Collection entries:
------------
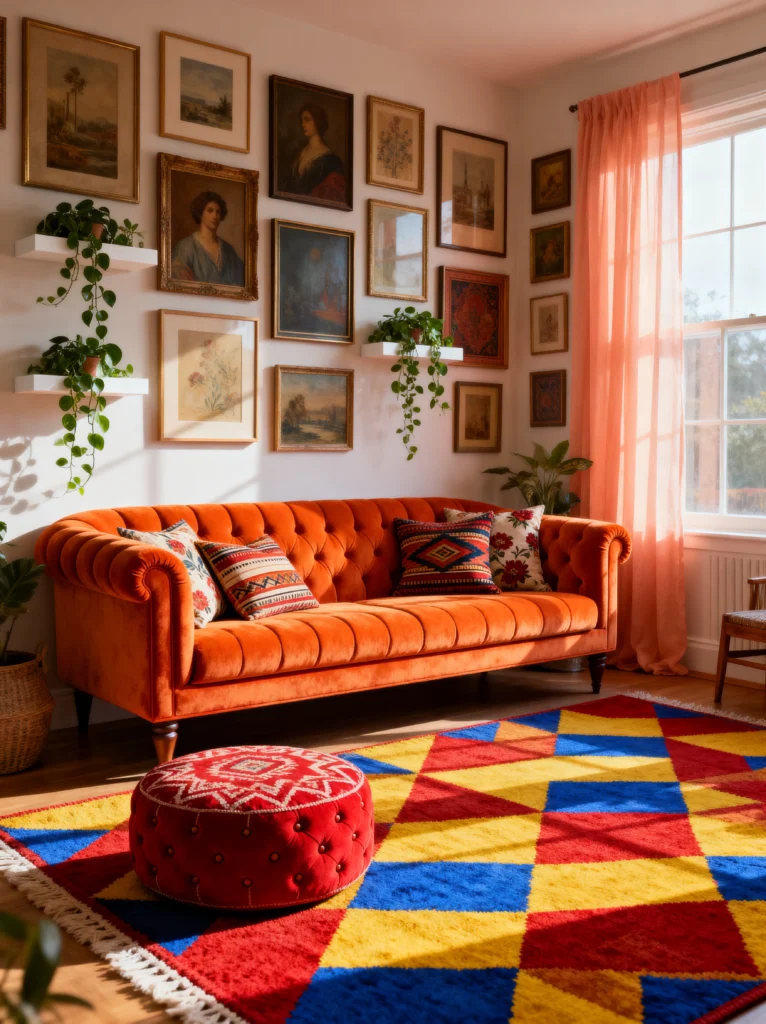 Can we just take a second to appreciate this orange velvet sofa? It’s like sitting on a literal cloud of sunset. What I love about this space is how it feels like a cozy museum. You’ve got this incredible gallery wall that doesn’t care about being “perfect”—some frames are ornate gold, others are simple wood, and they’re all coexisting beautifully.
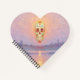 Ein traumhaftes Notizbuch mit einem Zuckerschädel, der über sanften Pastellenhäuschen und Wasser strahlt.
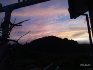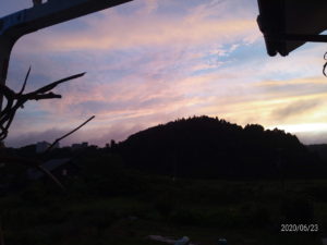 4時24分の空です。おたふく綿さんのプールには雨の紋が出来ていません。既に低気圧の中心は北上して海上に在ります。小さな雲が6-7時台に雨を降らせるようですが、小雨程度でしょう。
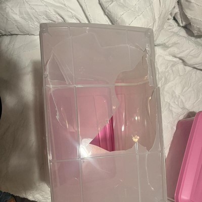 Would have given this 5 stars but the first one I ordered was missing the wheels, the top container and scoop. Target refunded me and allowed me to keep it since the grey one was sold out. I ended up ordering the same set but in pink. When I received the pink set all the parts were there; however the lid was cracked! Not a big deal since I was able to use the grey lid from the first order.
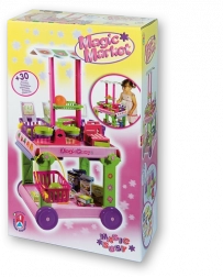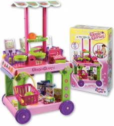 - Carrello mobile con tettoia rimovibile, bancone laterale estraibile, 4 cestini con manico, cassa con monete, bilancia con piattini, 12 pezzi di frutta e verdura, 8 scatoline di prodotti
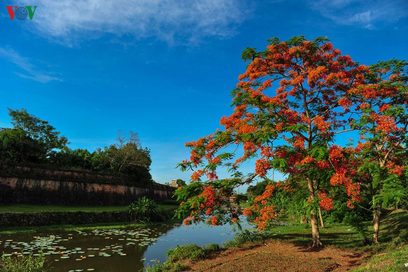 Hoa phượng đỏ mùa hạ như dệt cho Huế chiếc áo rực rỡ giữa trời xanh.
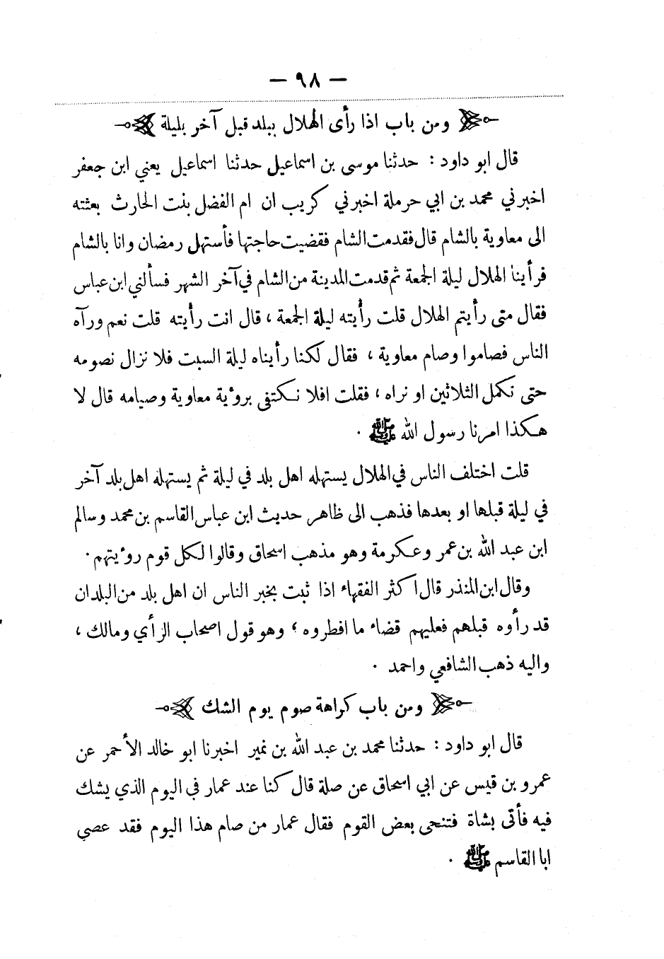 قال أبو داود: حدثنا موسى بن إسماعيل حدثنا إسماعيل، يَعني ابن جعفر أخبرني محمد بن أبي حرمله أخبرني كريب أن أم الفضل بنت الحارث بعثته إلى معاوية بالشام قال فقدمت الشام فقضيت حاجتها فاستهل رمضان وأنا بالشام فرأينا الهلال ليله الجمعة ثم قدمت المدينة من الشام في آخر الشهر فسألني ابن عباس فقال متى رأيتم الهلال قلت رأيته ليلة الجمعة، قال أنت رأيته قلت نعم ورآه الناس فصاموا وصام معاوية، فقال لكنا رأيناه ليلة السبت فلا نزال نصوم حتى نكمل الثلاثين أو نراه، فقلت أفلا نكتفي برؤيه معاوية وصيامه قال لا هكذا أمرنا رسول الله صلى الله عليه وسلم.
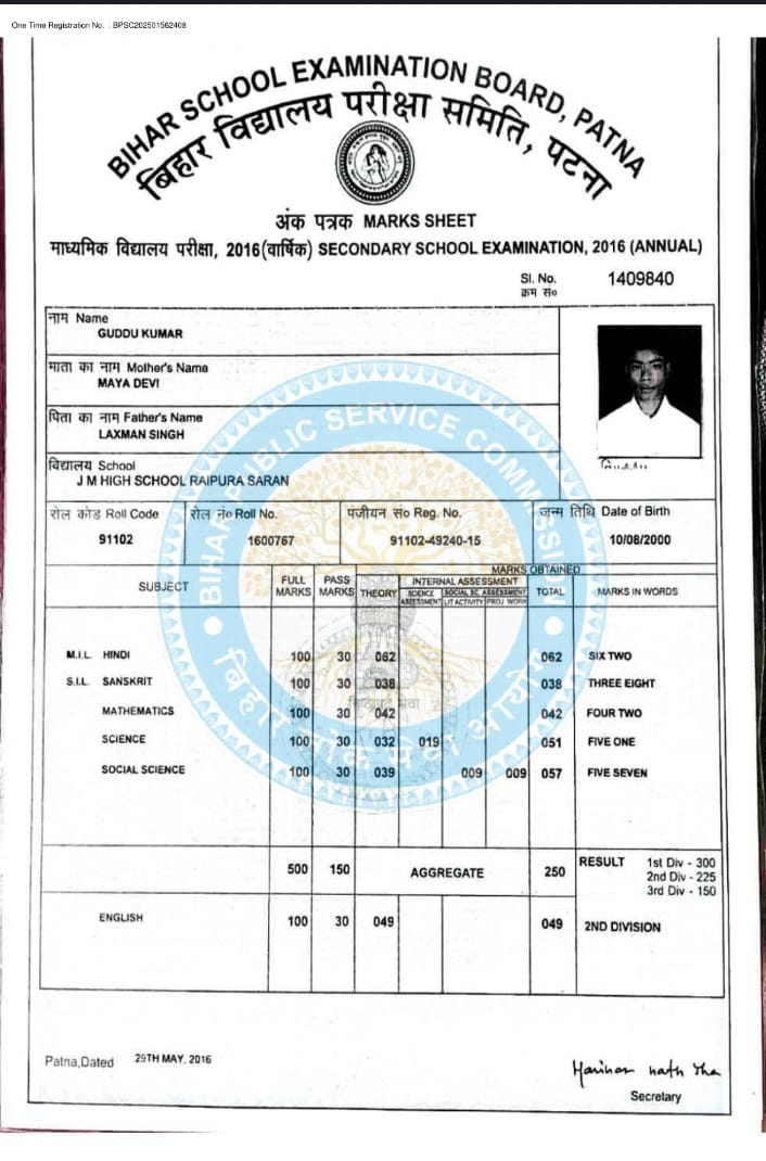 | Exam | Full Marks | Pass Marks | Marks Obtained |
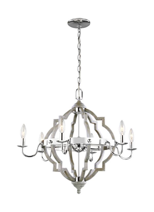 The Sea Gull Collection Socorro six-light chandelier in the washed pine finish supplies ample lighting to shine in an entryway or dangling over the kitchen island, adding an undeniable rustic charm. The bohemian decorative silhouette transcends off the barbed Quatrefoil profile combining a distressed oak finish with a rich washed pine finish on the chrome metal cup and decorative strapping. Use Clear incandescent bulbs to add to the aesthetic in the candelabra base lamping. The Sea Gull Collection by Generation Lighting has been an industry leader since 1919. Sea Gull's promise is simple - to create beautiful lighting at an affordable value. From space, to function, to style and energy efficiency, Sea Gull offers complete solutions. |
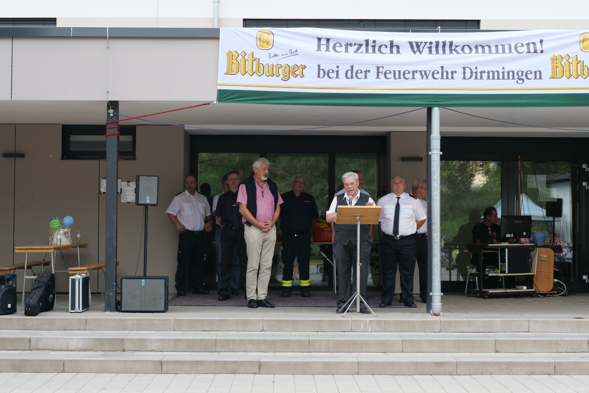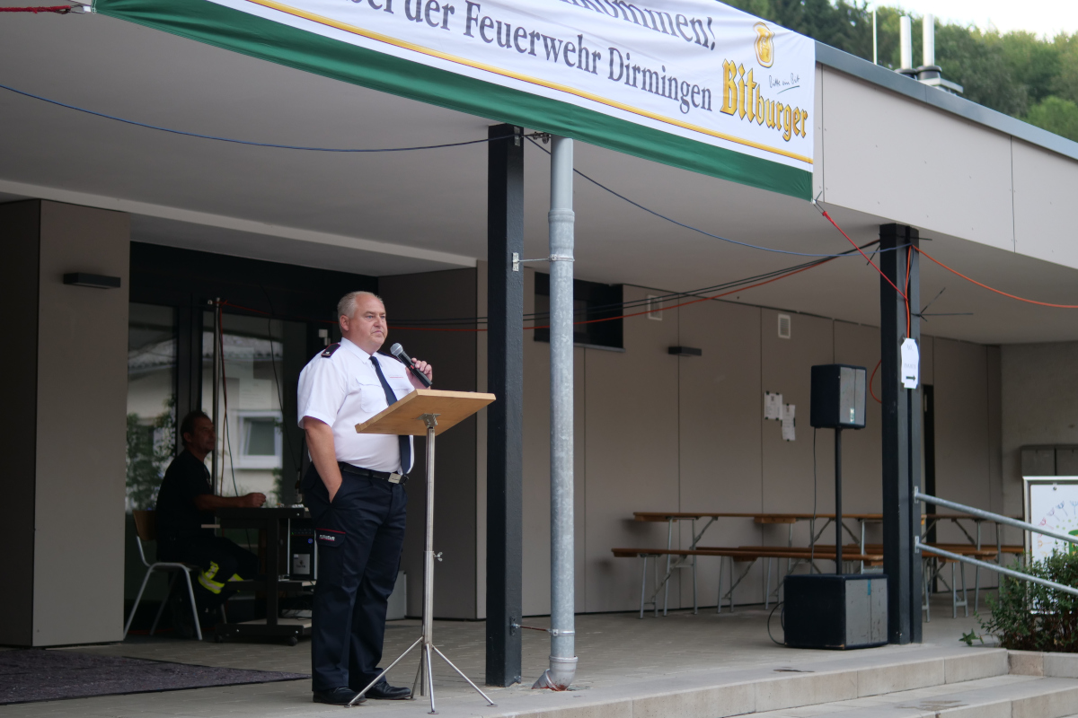 Am Samstag, dem 03.August, um 19 Uhr, wurden die "Tage der offenen Tür" offiziell eröffnet. Heino Molter, der Löschbezirksführer, begrüßte die anwesenden Gäste, darunter Kreisbrandinspekteur Michael Sieslack, Wolfgang Braun, stellv. Wehrführer der Gemeinde Eppelborn, Berthold Schmitt, 1.Beigeordneter der Gemeinde Eppelborn und Manfred Klein, Ortsvorsteher von Dirmingen. Besondere Grüße gingen an die Abordnung der Partnerfeuerwehr aus Finsterwalde, unter der Leitung von Zugführer Andreas Häring. Des weiteren konnte Heino Molter viele anwesende Bürger und weitere Löschbezirke begrüßen.
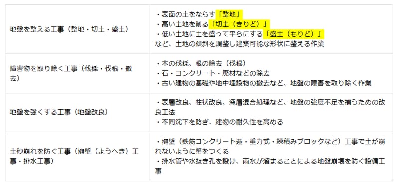 造成工事にはさまざまな種類があり、土地の状態や目的に応じて複数の工法が組み合わされます。主な工事内容は以下の通りです。
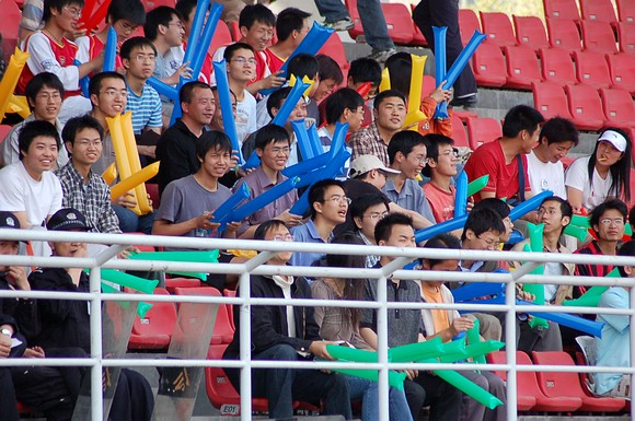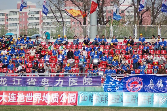同属国防科工委院校的哈尔滨工业大学也组织了百余名球迷前来为我校足球队加油助威。
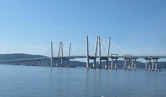 The Tappan Zee Bridge, officially named the Governor Mario M. Cuomo Bridge after former New York Governor Mario Cuomo, is a twin cable-stayed bridge spanning the Hudson River between Tarrytown and Nyack in the U.S. state of New York. It was built to replace the original Tappan Zee Bridge, which was located just to the south. The new bridge's north span carries the northbound and westbound automobile traffic of the New York State Thruway, Interstate 87 and I-287; it will also carry a shared-use path for bicycles and pedestrians. The south span carries southbound and eastbound automobile traffic.
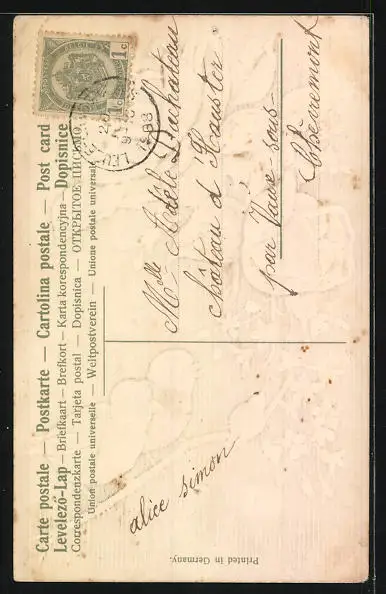 Personenbezogene Daten auf der Rückseite der Karte wurden durch blauen Textmarker unkenntlich gemacht. Die blauen Stellen sind auf die Vorderseite durchgeweicht und wirken sich negativ auf das Postkartenfoto aus
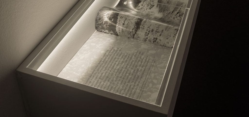 “Esta exposición agrupa quince años de trabajo constante, meticuloso, abierto a las innovaciones técnicas y conceptuales y rico en sus resultados. Todas estas obras se relacionan con las rocas, utilizadas por la artista en tres acepciones básicas: como materia prima que forma, tal cual, o apenas modificada, parte del corpus de varias obras, o captada en fotografías base de otros trabajos.
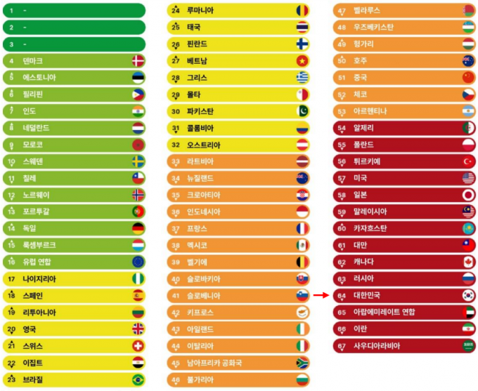 가장 높은 순위인 4위를 차지한 국가는 덴마크다. 한국은 64위를 차지했다. 1~3위가 비어있으니, 64개 평가대상 가운데 끝에서 네번째다. 한국보다 낮은 평가를 받은 국가는 달랑 3곳으로, UAE와 이란, 사우디아라비아 등 모두 산유국이다. 산유국들은 기본적으로 화석연료와 이해관계가 깊게 얽혀있으니, 우리나라 기후위기 대응정책이 사실상 전세계에서 꼴찌나 다름없는 셈이다.
------------
→ **Try it**: What you write out is the stretch of entries from the line containing "Am Samstag, dem" to the line containing "同属国防科工委院校的哈尔滨工业大学也组织了百余名球迷前来为我校足球队加油助威。", word for word, with both end lines and no pictures.

→ **Result of the exercise**:
 Am Samstag, dem 03.August, um 19 Uhr, wurden die "Tage der offenen Tür" offiziell eröffnet. Heino Molter, der Löschbezirksführer, begrüßte die anwesenden Gäste, darunter Kreisbrandinspekteur Michael Sieslack, Wolfgang Braun, stellv. Wehrführer der Gemeinde Eppelborn, Berthold Schmitt, 1.Beigeordneter der Gemeinde Eppelborn und Manfred Klein, Ortsvorsteher von Dirmingen. Besondere Grüße gingen an die Abordnung der Partnerfeuerwehr aus Finsterwalde, unter der Leitung von Zugführer Andreas Häring. Des weiteren konnte Heino Molter viele anwesende Bürger und weitere Löschbezirke begrüßen.
 造成工事にはさまざまな種類があり、土地の状態や目的に応じて複数の工法が組み合わされます。主な工事内容は以下の通りです。
同属国防科工委院校的哈尔滨工业大学也组织了百余名球迷前来为我校足球队加油助威。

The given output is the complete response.